To add more columns (or less), Control-click any column title. From the pop-up list of column categories (Bit Rate, Date Added, and so on), choose the name of the column you want to add or remove. Column names with checkmarks are the ones that are currently visible.
Want to track your own listening habits? Turn on the Play Count in iTunes Options. Now you can see just how many times you have played “I Want You Back” by the Jackson 5 since you ripped that CD of old Motown gems to your hard drive. Checking out the Top 25 Most Played playlist in the Source window can also let you know where your ears have been lately.
If you intend to make a lot of adjustments to your list of columns, though, it’s much faster to make the changes all at once. Choose Edit → View Options to produce the dialog box shown in Figure 1-2, where you can turn columns on and off en masse.
Figure 1-2. The View Options box from the iTunes Edit menu lets you see as many—or as few—categories for sorting your music as you can stand.Even in this tiny, unassuming dialog box, a trick or two awaits. If you Option-click any checkbox that’s turned on, you turn all of them off. And vice versa.If you want to turn all of them off except Album and Artist, for example, you’ll save time by Option-clicking a turned-on box to turn them all off—and then turning the two you want back on.
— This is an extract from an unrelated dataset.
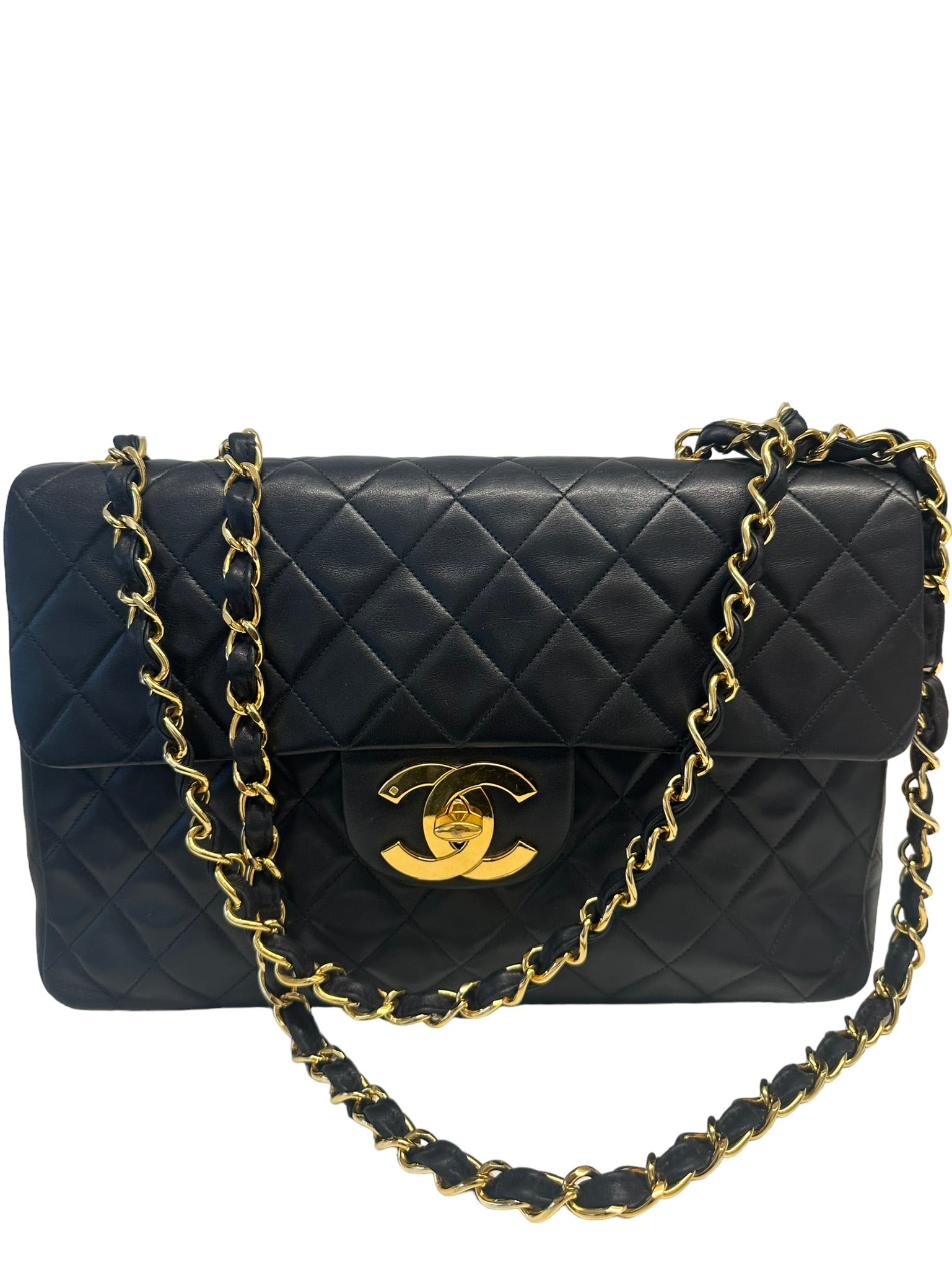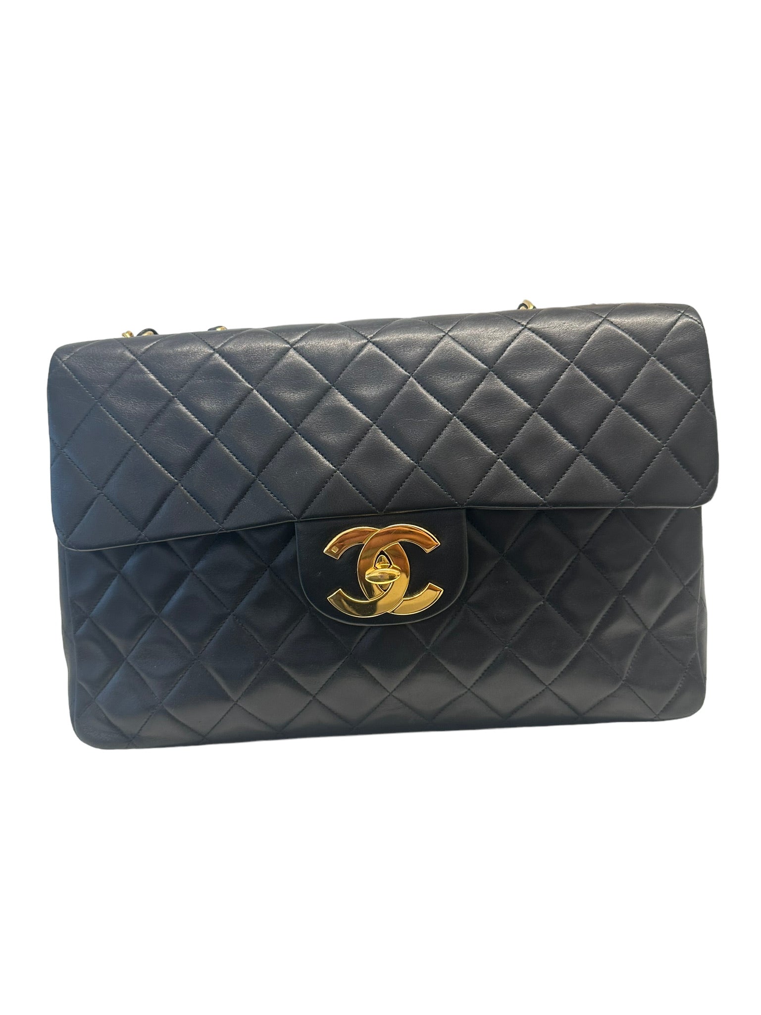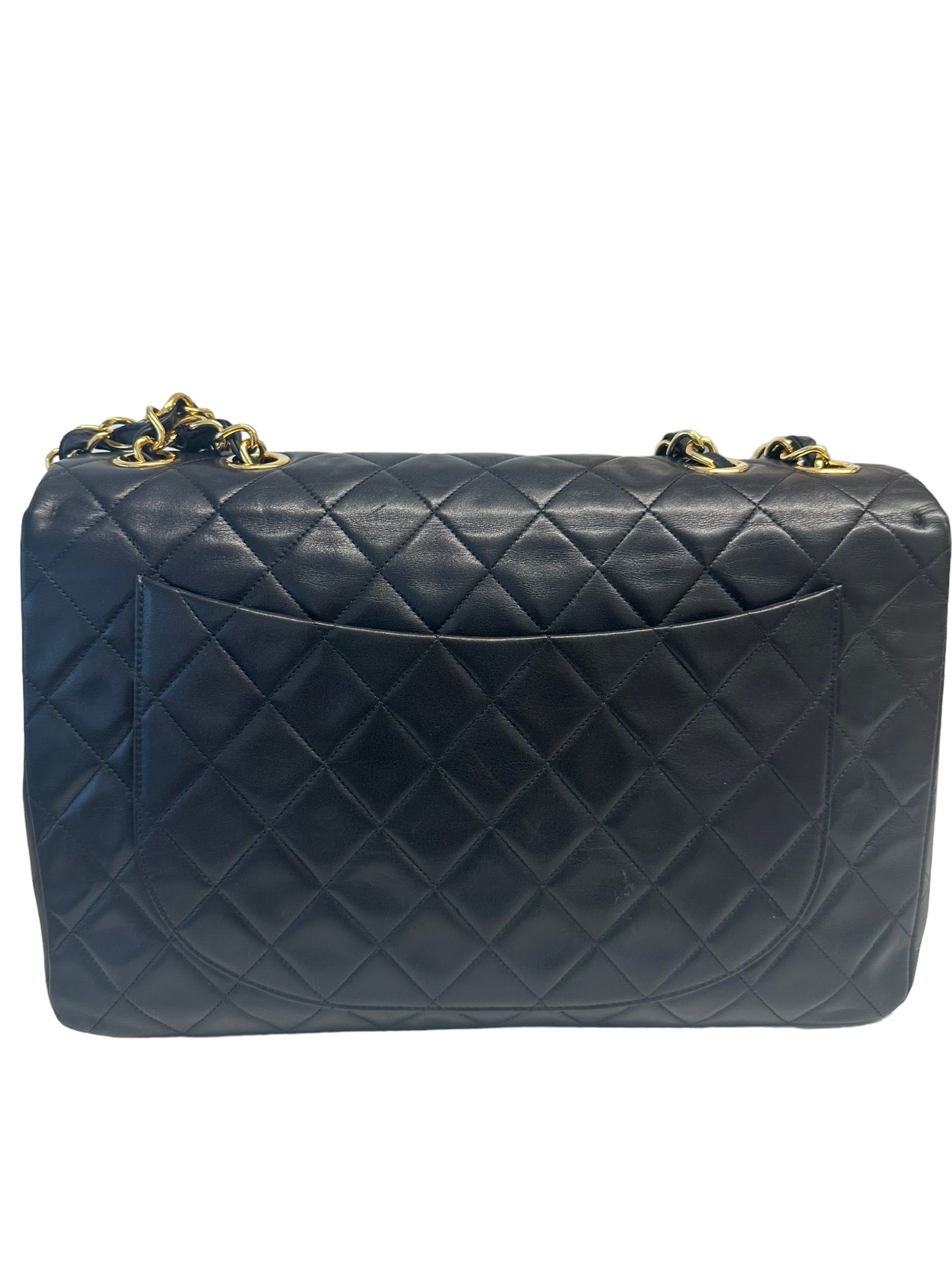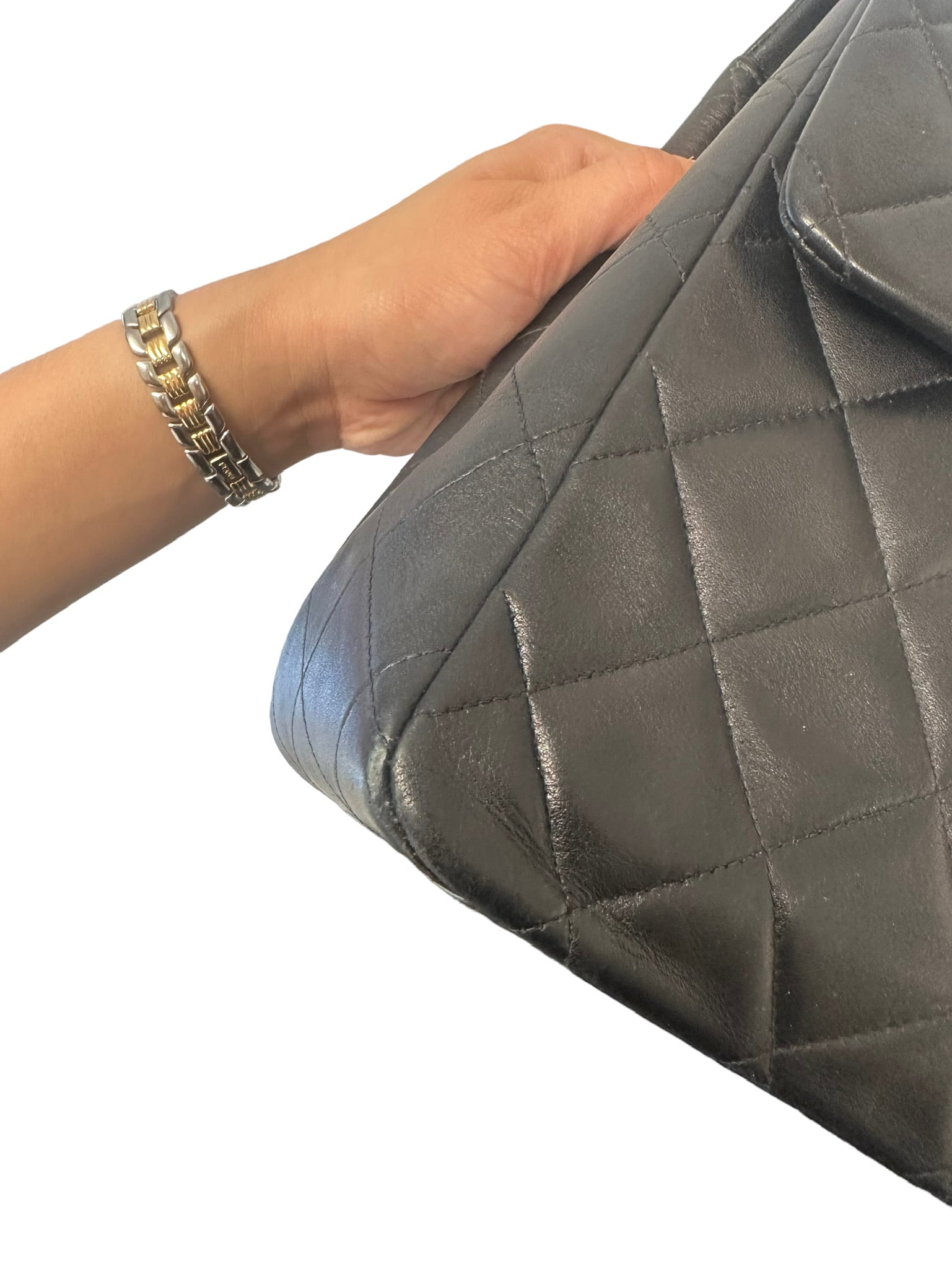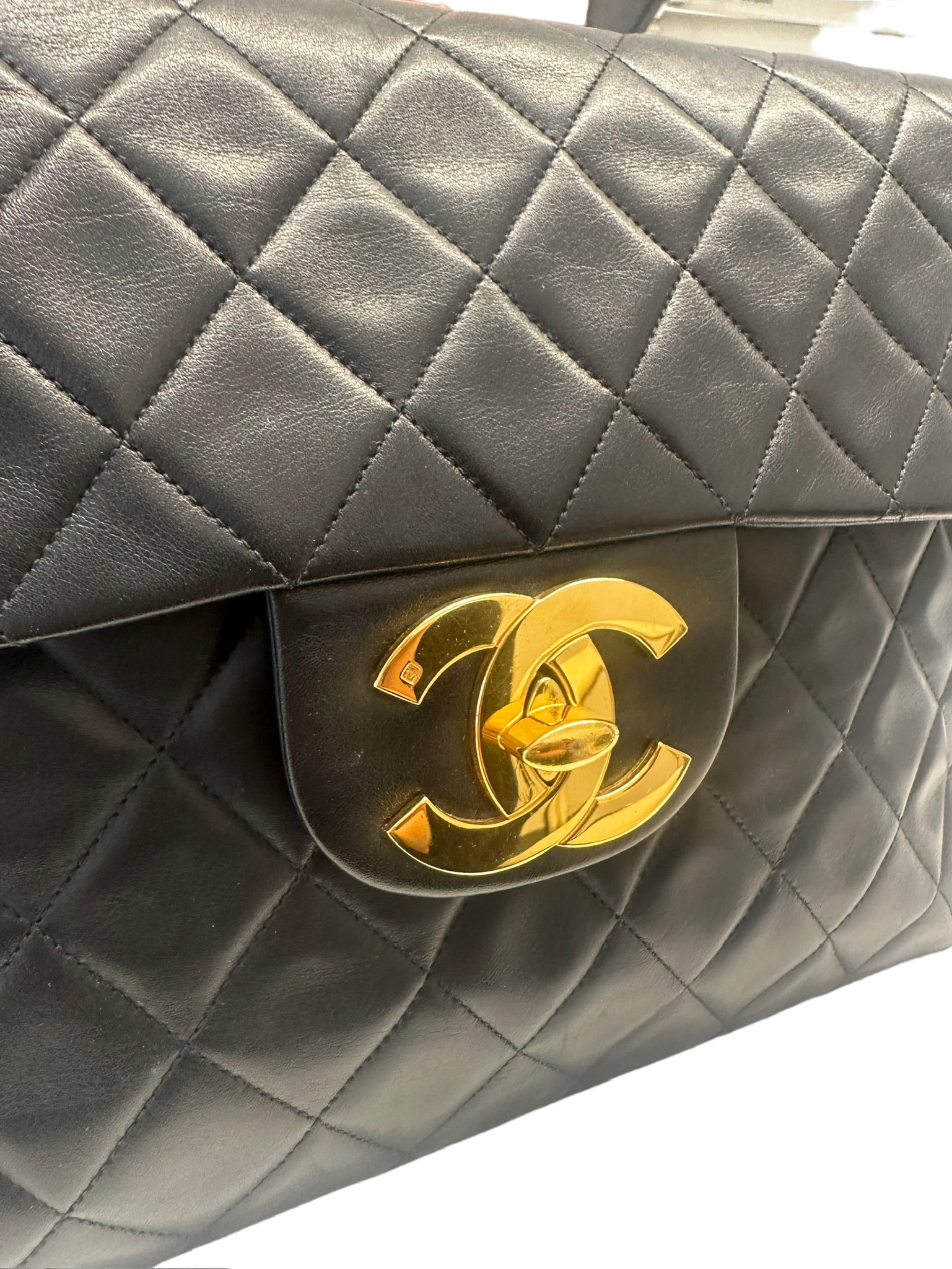 CHANEL - Bolso vintage Jumbo XL con solapa de piel de cordero negra de 24 quilates

Lovely as the iTunes window may be, it can take up a heck of a lot of screen real estate. When you’re just playing music while you work on other things, you can shrink iTunes down to a svelte display panel that takes up a fraction of the size of the full window.
In fact, iTunes can run in three size modes: small, medium, or large (Figure 1-3). Here’s how you pull this off:
Medium. You can switch between large and medium by clicking the green zoom button at the top- or middle-left corner (or choosing Window → Zoom).
Small. If your desktop isn’t big enough for even the small iTunes window in Figure 1-3 at lower left, try taking it down a notch. To create the mini bar shown at lower right in Figure 1-3, start with the medium-size window. Then drag the resize handle (the diagonal lines in the lower-right corner) leftward. To expand it, just reverse the process.